### WORK ORDER
In the entries that follow, find the line containing "08/28/2019- Installed PVC" and the line containing "Traditional Walnut (MC-53)", then retype exactly the lines from the first through the second, pictures excluded.

### PROVIDED RECORDS
◇ ◇ ◇ ◇ ◇
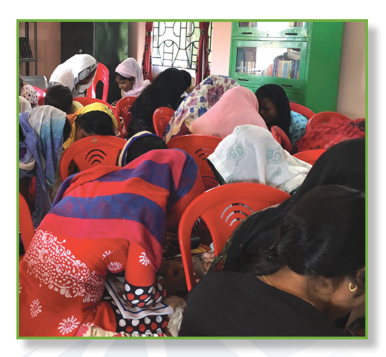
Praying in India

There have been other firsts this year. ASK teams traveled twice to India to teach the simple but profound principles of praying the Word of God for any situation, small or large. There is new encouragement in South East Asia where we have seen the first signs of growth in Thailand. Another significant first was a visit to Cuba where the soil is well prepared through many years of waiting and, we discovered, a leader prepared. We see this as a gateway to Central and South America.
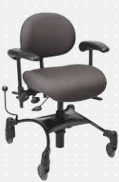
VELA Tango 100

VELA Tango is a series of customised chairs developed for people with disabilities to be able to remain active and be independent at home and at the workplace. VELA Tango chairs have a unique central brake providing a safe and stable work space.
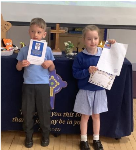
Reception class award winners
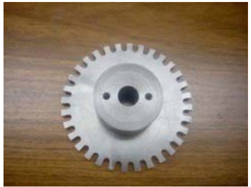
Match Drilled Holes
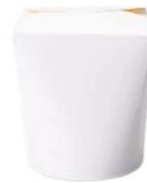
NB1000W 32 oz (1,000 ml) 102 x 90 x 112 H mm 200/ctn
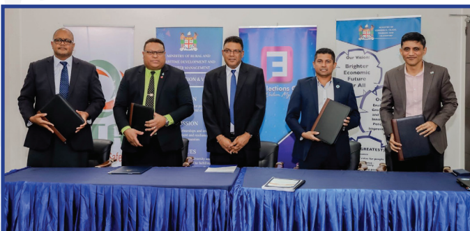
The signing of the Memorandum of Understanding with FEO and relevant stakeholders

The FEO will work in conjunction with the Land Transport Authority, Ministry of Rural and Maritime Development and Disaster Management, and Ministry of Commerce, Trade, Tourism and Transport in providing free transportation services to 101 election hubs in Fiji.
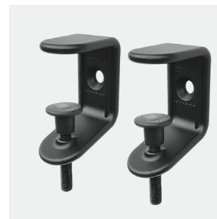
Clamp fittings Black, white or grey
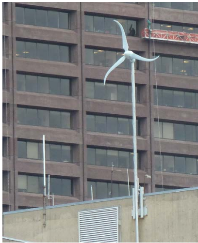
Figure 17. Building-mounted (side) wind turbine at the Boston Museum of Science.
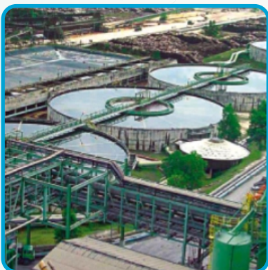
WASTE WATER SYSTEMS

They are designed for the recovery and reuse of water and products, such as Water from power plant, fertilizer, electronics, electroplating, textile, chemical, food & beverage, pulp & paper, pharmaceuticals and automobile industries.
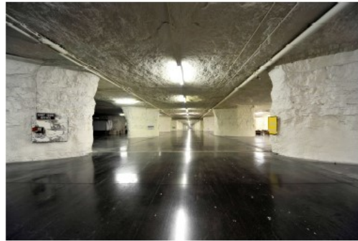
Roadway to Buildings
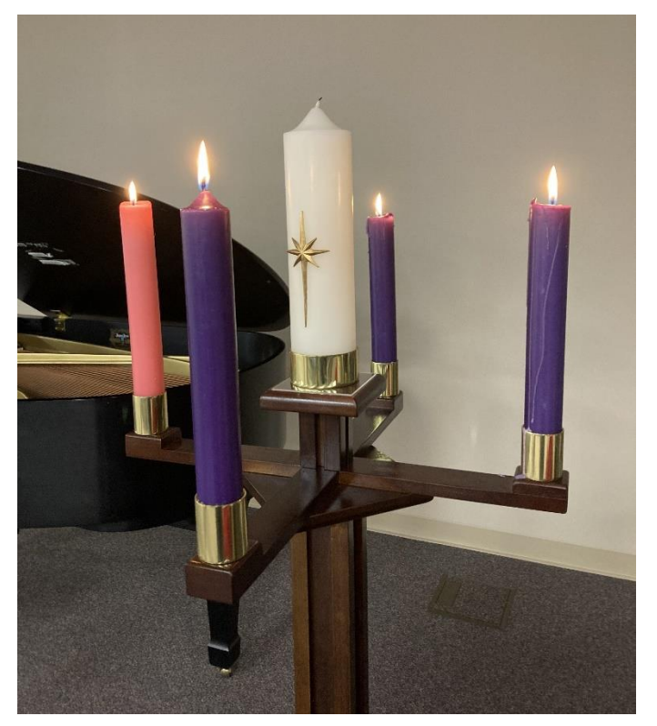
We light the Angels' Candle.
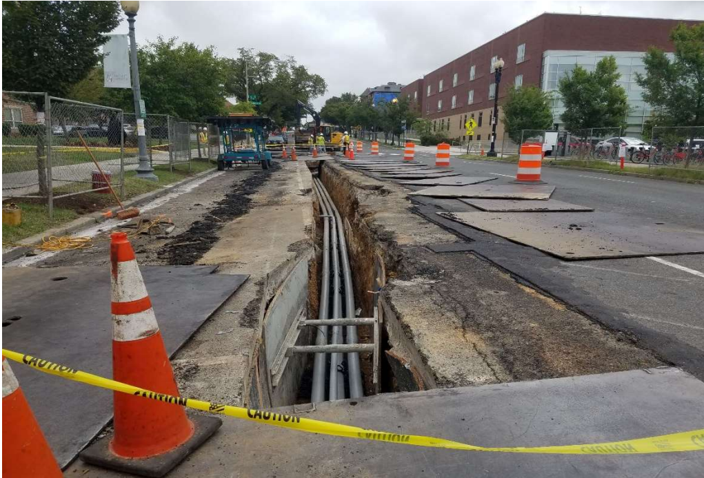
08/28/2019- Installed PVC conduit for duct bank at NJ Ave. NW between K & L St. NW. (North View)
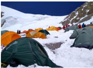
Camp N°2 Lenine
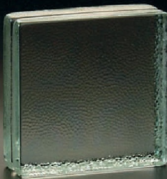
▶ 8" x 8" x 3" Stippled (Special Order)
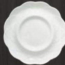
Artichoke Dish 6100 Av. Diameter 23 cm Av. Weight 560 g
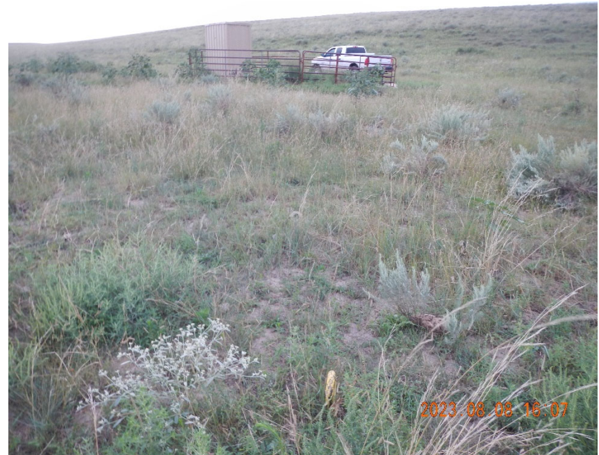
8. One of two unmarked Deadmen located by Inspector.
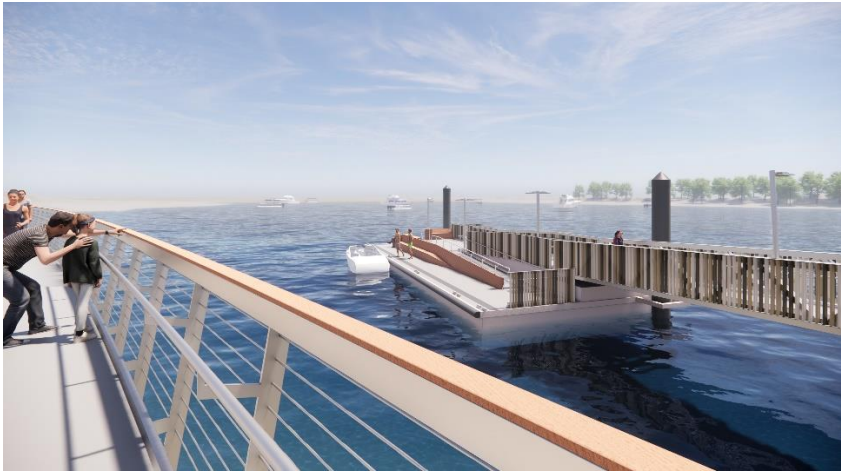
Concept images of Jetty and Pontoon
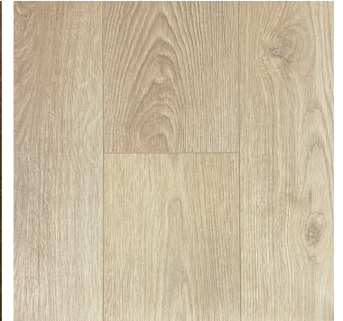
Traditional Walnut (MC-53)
◇ ◇ ◇ ◇ ◇
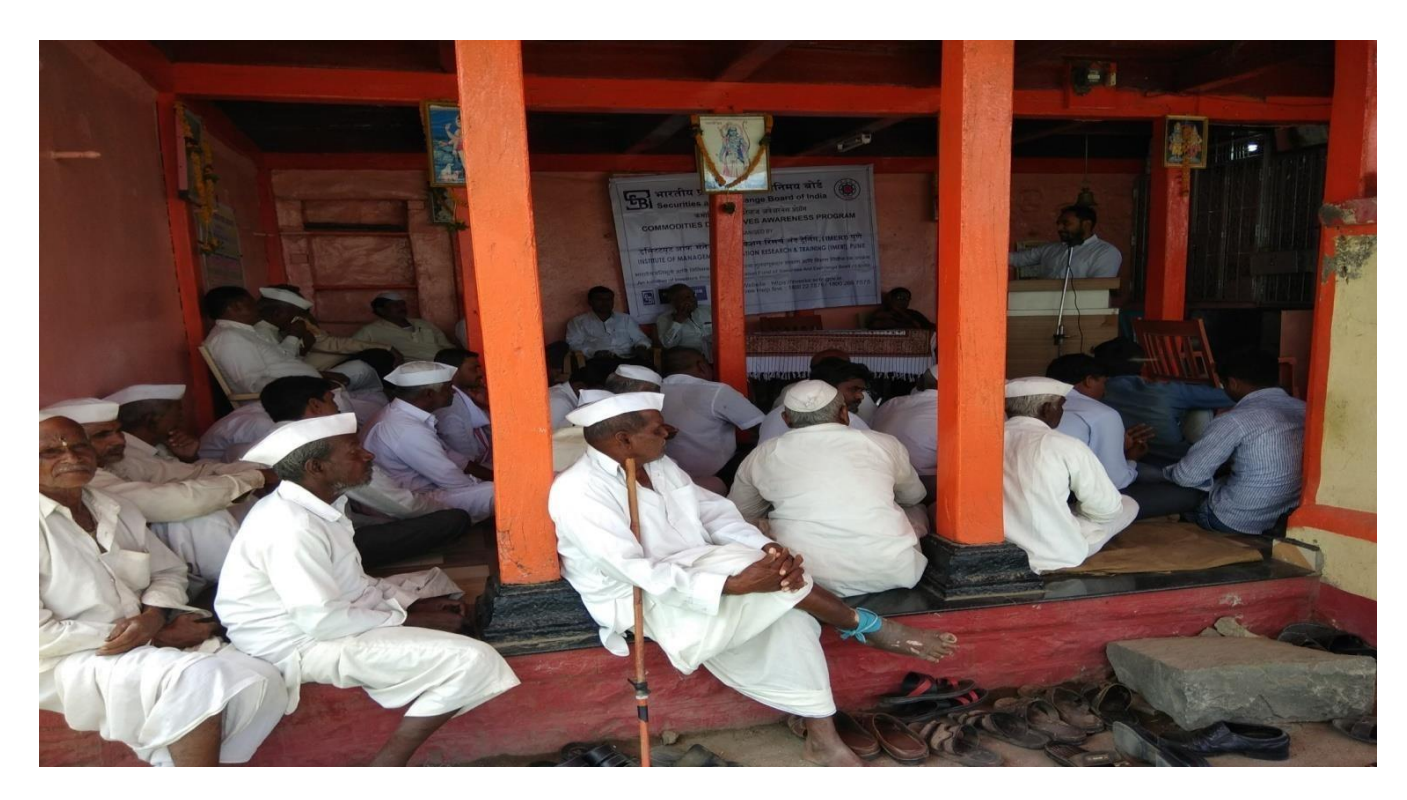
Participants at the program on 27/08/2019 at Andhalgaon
◇ ◇ ◇ ◇ ◇
### RESPONSE FOR THIS EXERCISE
08/28/2019- Installed PVC conduit for duct bank at NJ Ave. NW between K & L St. NW. (North View)
Camp N°2 Lenine
▶ 8" x 8" x 3" Stippled (Special Order)
Artichoke Dish 6100 Av. Diameter 23 cm Av. Weight 560 g
8. One of two unmarked Deadmen located by Inspector.
Concept images of Jetty and Pontoon
Traditional Walnut (MC-53)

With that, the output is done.